The relative contribution of each cell to the total Chi-square score give some indication of the nature of the dependency between rows and columns of the contingency table.

It can be seen that:

- The column “Wife” is strongly associated with Laundry, Main_meal, Dinner
- The column “Husband” is strongly associated with the row Repairs
- The column jointly is frequently associated with the row Holidays

From the image above, it can be seen that the most contributing cells to the Chi-square are Wife/Laundry (7.74%), Wife/Main_meal (4.98%), Husband/Repairs (21.9%), Jointly/Holidays (12.44%).

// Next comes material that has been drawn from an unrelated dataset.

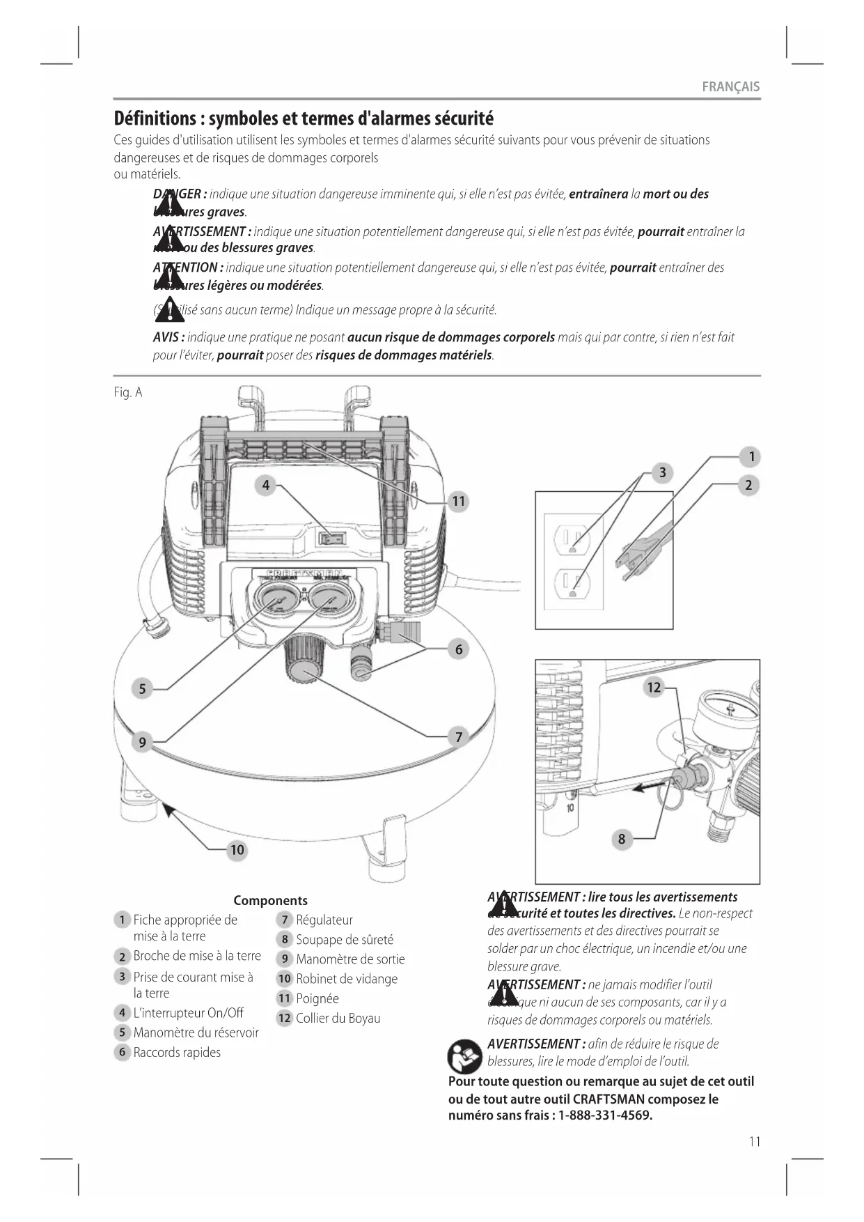 blessures, lire le mode d’emploi del’outil. Pour toute question ou remarque au sujet de cet outil ou de tout autre outil CRAFTSMAN composez le numéro sans frais : 1-888-331-4569. Définitions : symboles et termes d'alarmes sécurité Ces guides d'utilisation utilisent les symboles et termes d'alarmes sécurité suivants pour vous prévenir de situations dangereuses et de risques de dommages corporels ou matériels.

These cells contribute about 47.06% to the total Chi-square score and thus account for most of the difference between expected and observed values.

This confirms the earlier visual interpretation of the data. As stated earlier, visual interpretation may be complex when the contingency table is very large. In this case, the contribution of one cell to the total Chi-square score becomes a useful way of establishing the nature of dependency.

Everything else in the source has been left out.